Tuesday, December 1, 2009

Food and Memory

Is it just me, or does this time of year really make you hungry for the foods of your childhood?

I think it's the smell of celery and onions sauteeing in butter that gets it started for me. Early every Thanksgiving, right around the same time the Macy's parade would come on, my grandma would be stirring up those vegetables, while my cousin and I finished tearing up bread and putting it in the lid of the roasting pan. Probably it wasn't actually butter she used, but sticks of margarine (or 'oleo',as she calls it) instead. Ever since then, that specific aroma takes me right back to all those happy holidays spent with my family.

Certainly, I'll be making some of the traditional cookies and candies I always make over the holidays, but lately my mind has been on the more everyday foods of my childhood.

My mom's spaghetti meat sauce, meatloaf (I always wanted the end pieces) and German potato salad. A ham steak served with baked potatoes. The grape juice my grandparents canned using the grapes from their own backyard arbor, and we mixed with lemonade.

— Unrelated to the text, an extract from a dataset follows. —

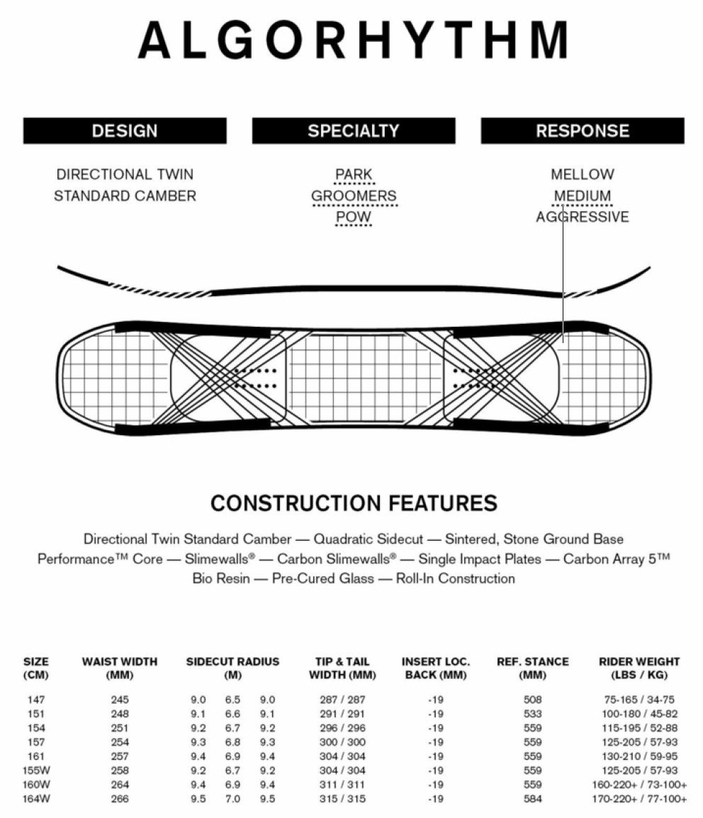The Algorhythm quickly turned into a team and staff favorite at Ride. The versatility of this shape is unmatched. This high-end all-mountain Directional Twin Standard Camber stick is designed to do everything. From park jumps to pow lines to high-speed groomers, this board won't disappoint. The Algorhythm will feel comfortable and familiar to snowboarders looking to up their game. Quadratic Sidecut improves turn initiation/exit and edge grip. A Performance™ Core combines Aspen, Bamboo, and Paulownia wood to provide the perfect balance of strong and light while Carbon Array 5™ provides extra pop without adding stiffness. This high-end all-mountain directional twin is far superior to some one-trick pony freestyle snowboard.

The noodles my grandfather rolled out on a tablecloth until you could see the strawberries printed on it. My aunt's homemade Chex Mix, always served out of a gigantic Tupperware container, always with about three times the spice and butter the recipe calls for.

For Thanksgiving this year, I bought what I thought were frozen dinner rolls, but was actually frozen dinner roll dough. Fortunately, I realized it in time to thaw the dough out and let it rise, and O. pronounced the end result "the best rolls in the world." I wonder if these will remain in his memory, like the loaf of bread my grandma made one rainy cold summer evening I was spending with my grandparents and cousins at their cottage remains in mine.

My mother used to use frozen bread dough to make caramel cinnamon rolls probably once a week or so when I was growing up. She made the caramel sauce right in the cake pan she would bake the rolls in, setting it right on top of the stove burner to melt the brown sugar and butter together. She timed the baking so that they would come out of the oven right as dinner was over, set pan over a plate and carry it to the table. Each of us would sit there reaching for roll after roll, usually slathered with some butter that melted right on the warm roll. My brother and I would rub the side of the roll not covered in caramel directly into the remains of the carmel sauce on the plate. We'd usually polish off the whole pan right there at the table, because they were never the same any later than that.

I'd been thinking about those rolls, too, so I just made my own pan of caramel rolls using the remaining bread dough from last week. I have my doubts they will taste as good as the ones in my memory. I can never get the caramel quite right -- it turns out grainy, not smooth and sticky. I have a feeling I don't use enough butter, but it could just be that nothing ever truly lives up to a food memory.

What about you? What are the foods you fondly recall, or try to recreate from memory?


tracey.becker1@gmail.com said...

My mom always made smelt on Christmas Eve. Not anymore, though...

We always had Chex Mix when company came over. Mmmmmmm....

I remember eating rabbit spaghetti at my grandma's house as a kid. NOTHING is better than spaghetti with rabbit sauce. NOTHING.

CaraBee said...

It's funny how food plays such a roll in our memories. I was just telling someone the other day about the wonderful foods from my family meals. Nothing exotic, but traditions for us, nonetheless. It's hard living so far from my family, I don't get those treats as often as I would like, making them all the more precious.

I tried making caramel rolls, or monkey bread, as we call it, the other day. Didn't turn out as well as I had hoped.

mep said...

Those caramel cinnamon rolls have my stomach rumbling big time. Yum.

Some of my childhood favorites are my Grandma's spiced apples (sliced apples cooked with red hot candies--so good) and her Chex Mix (kept in roasting pan in the oven).

My mom makes awesome yeast dough cinnamon rolls. I've had a hankering for her chicken and rice casserole a lot lately as well. And her chili--my Grandma P's recipe.

I could name a million more things, but I'm too hungry! Thanks for the tantalizing post.